With the first one, I get always increasing random numbers. With the second I get "very close" numbers. Big failure.
So, what's the point of having a random() function when I actually have to generate myself the random seed with large entropy? At the end I end up writing the random() myself
The point of having a random() function is speed, especially when you need more than 1 random number in your program. A good seed could take 100ms. While calling random() takes a fraction of that time.
As a seed you could take the LSB of analogRead() on a disconnected pin and read it multiple times to construct your seed.
A good question to ask yourself is how random do they really need to be? What is the purpous of your random number?
I need it to assign UUID so that the collision of two identical UUID is statistically improbable.
For the small number of UUID I need, a uniformly distributed random in 0-uint32MAX is good enough, and the Entropy library seems to have what I need :).
Thanks.
A good question to ask yourself is how random do they really need to be? What is the purpous of your random number?
Random enough" is where I always start - You can get deeply into the philosophy of randomness or you can simply shoot for something "humanly unpredectable", etc.
One way to improve it is to use millis() with a push-button so it "grabs" a seed when you press the button (if that's practical for your application).
Or, I haven't tried this but you could attach a "long wire" to a floating analog pin to act as an antenna picking-up the electromagnetic AC power line radiation. (If you've ever touched an audio input and heard a "buzz", that's what I'm talking about.) Of if your device has a power supply with a regular AC transformer you can tap-into the transformer secondary (after biasing and adjusting the voltage as necessary).
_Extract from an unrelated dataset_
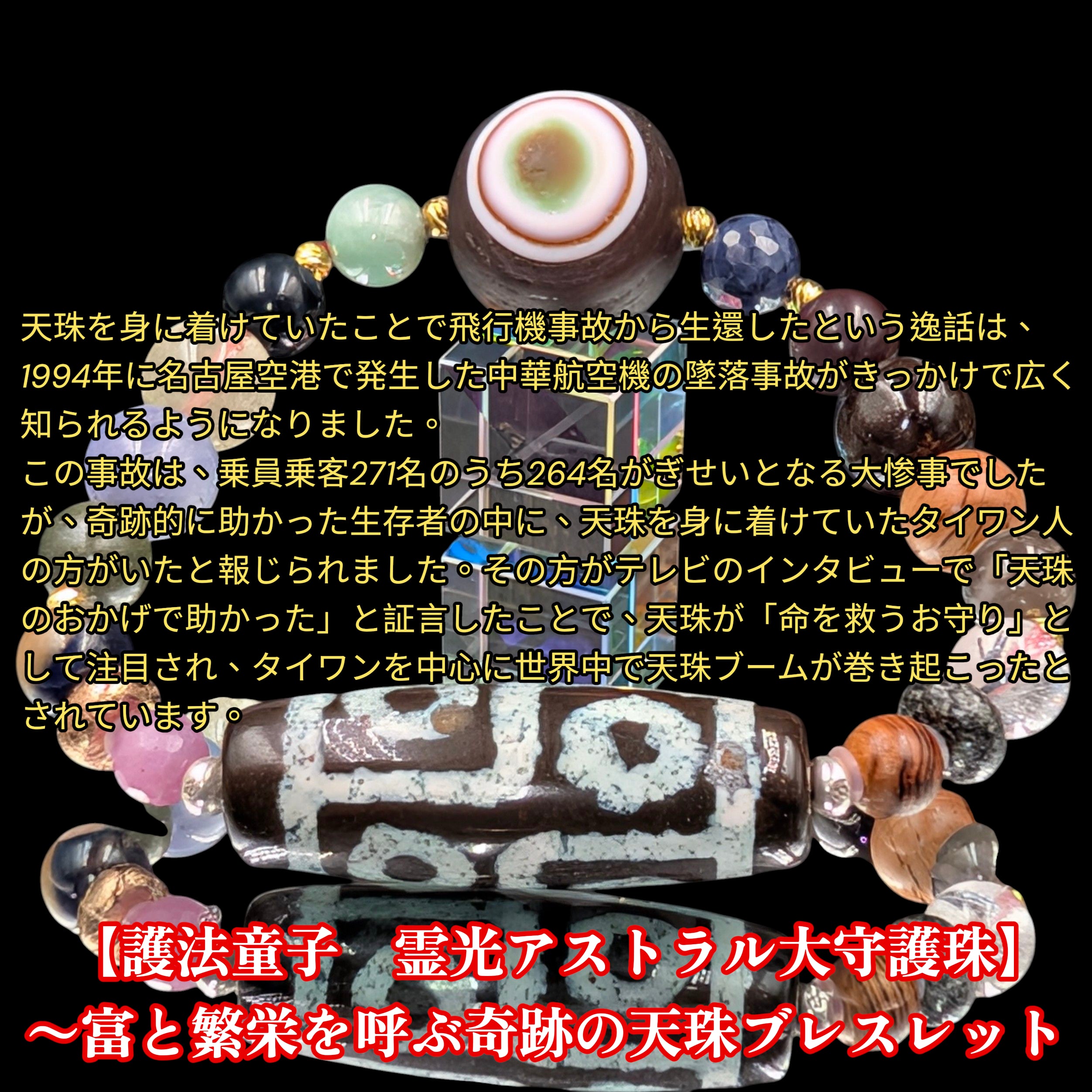 天珠には奇跡の逸話があります。1994年、中華航空機墜落事故において、天珠を身につけていた生存者が「天珠のおかげで助かった」と証言したことで、世界的に命を救う守護石としての信仰が広まりました。

Or you could build sine-wave or triangle wave oscillator to generate "random" analog readings.
Jane Nordholt's Entropy Engine, currently a hot selling item for those who want to generate random seed numbers, uses the chaotic jostling of photons to generate random numbers.
// random seed 1.04
//
// produces a generally random number based on processing
// error voltages from the readings taken from the analog to digital
// conversion port
// on the Arduino
// 2016-02-17 32 bit test/demo version
const byte analogPort = A1;
const int BUCKET_SIZE = 64;
int buckets[BUCKET_SIZE];
void setup() {
Serial.begin(9600);
}
void loop() {
long temp = getRandomSeed(31);
buckets[temp%BUCKET_SIZE]++;
for (int i = 0; i < BUCKET_SIZE; i++)
{
if (buckets[i] == 0)
{
Serial.print(' ');
}
else
{
Serial.print(buckets[i]);
}
Serial.print(' ');
}
Serial.println('*');
}
long getRandomSeed(int numBits)
{
// magic numbers tested 2016-03-28
// try to speed it up
// Works Well. Keep!
//
if (numBits > 31 or numBits <1) numBits = 31; // limit input range
const int baseIntervalMs = 1UL; // minumum wait time
const byte sampleSignificant = 7; // modulus of the input sample
const byte sampleMultiplier = 10; // ms per sample digit difference
const byte hashIterations = 3;
int intervalMs = 0;
unsigned long reading;
long result = 0;
int tempBit = 0;
Serial.print("randomizing...");
pinMode(analogPort, INPUT_PULLUP);
pinMode(analogPort, INPUT);
delay(200);
// Now there will be a slow decay of the voltage,
// about 8 seconds
// so pick a point on the curve
// offset by the processed previous sample:
//
for (int bits = 0; bits < numBits; bits++)
{
Serial.print('*');
for (int i = 0; i < hashIterations; i++)
{
// Serial.print(' ');
// Serial.print( hashIterations - i );
delay(baseIntervalMs + intervalMs);
// take a sample
reading = analogRead(analogPort);
tempBit ^= reading & 1;
// take the low "digits" of the reading
// and multiply it to scale it to
// map a new point on the decay curve:
intervalMs = (reading % sampleSignificant) * sampleMultiplier;
}
result |= (long)(tempBit & 1) << bits;
}
Serial.println(result);
// Serial.println();
return result;
}